Скоро шесть десятков сравняется, а Степан и по сей день, по силе и возможности, работает в колхозе. Не выходит разве что когда занедужится. И на селе его почитают как хорошего старательного работника. А что немногословен и часто задумчив бывает — к этому люди уже привыкли, объясняя, что бойким на язык он, мол, и в молодости не был, а задумывается часто — контузия его таким сделала. Некоторые замечают за Степаном, что к старости стал вроде бы скупее: что ни год, выкармливает на продажу семипудового борова, а деньги не расходует, деньги на сберкнижку кладет. Но другие и скупость Степанову по-своему объясняют: как знать, может, человек копит деньги на новый дом.

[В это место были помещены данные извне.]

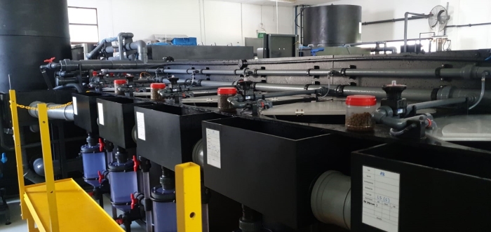 The R&D facility has state-of-the-art systems for controlled trials, digestibility studies, and performance validation under rigorous monitoring. Above, view of tanks in the aquaculture research and development (“R&D”) facility in 2019. See AAP article on New R&D centre in Singapore.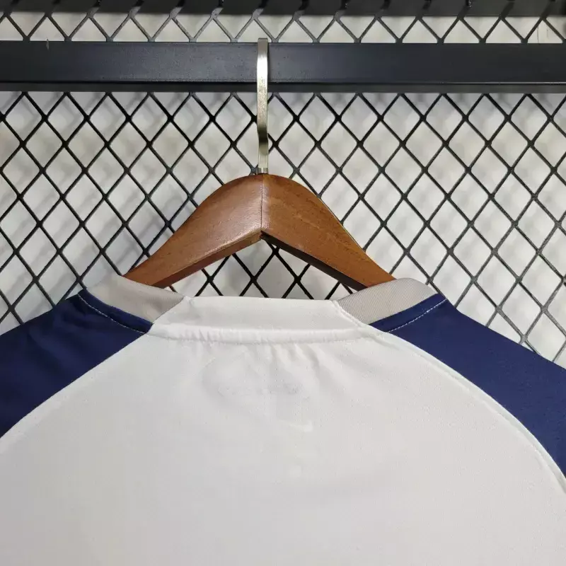 O design em branco puro é realçado por painéis azul-marinho e detalhes em lilás nas mangas, transmitindo a identidade única do Tottenham Hotspur.

И никому, никому невдомек, какой тяжелый камень носит он на сердце. Потому-то ему и мерещится, что собравшиеся на площади люди нет-нет да и оглядываются на окна его дома. Потому-то он и боится не только выйти на площадь, а даже приблизиться к окну…
Кажется, Андрей Викторович начал говорить. Да, это его голос. Но слов разобрать нельзя. А Степану хочется знать, о чем говорит первый коммунар. Уж не о нем ли?..
Степан поднимается с табуретки и подходит к окну.
Народу у клуба — видимо-невидимо. Рядом с памятником поставлен грузовик, в его кузове, с откинутыми и затянутыми кумачом бортами, стоят самые славные люди села, представители из района. До Степана явственно долетает:
— Товарищи!..
Но дальше опять слова разобрать нельзя, их словно бы ветром относит. Степан напрягает слух — безрезультатно.
Андрей Викторович в белом костюме, белы и его поредевшие, но, как и в молодости, зачесанные назад, волосы. Рядом с ним стоит сын Кирилла Петровича — Александр. Он родился два месяца спустя после гибели отца. Александр такой же широкоплечий здоровяк, каким был отец, даже голос похож на отцовский — такой же громогласный. (Если бы он сейчас говорил — Степан каждое слово бы слышал.) Уже больше десяти лет работает Александр председателем Трисирминского — Трехреченского колхоза, сменив на этом посту Андрея Викторовича. И надо отдать должное сыну Кирле — колхоз при нем стал едва ли не лучшим в районе, многие соседи завидуют трехреченцам.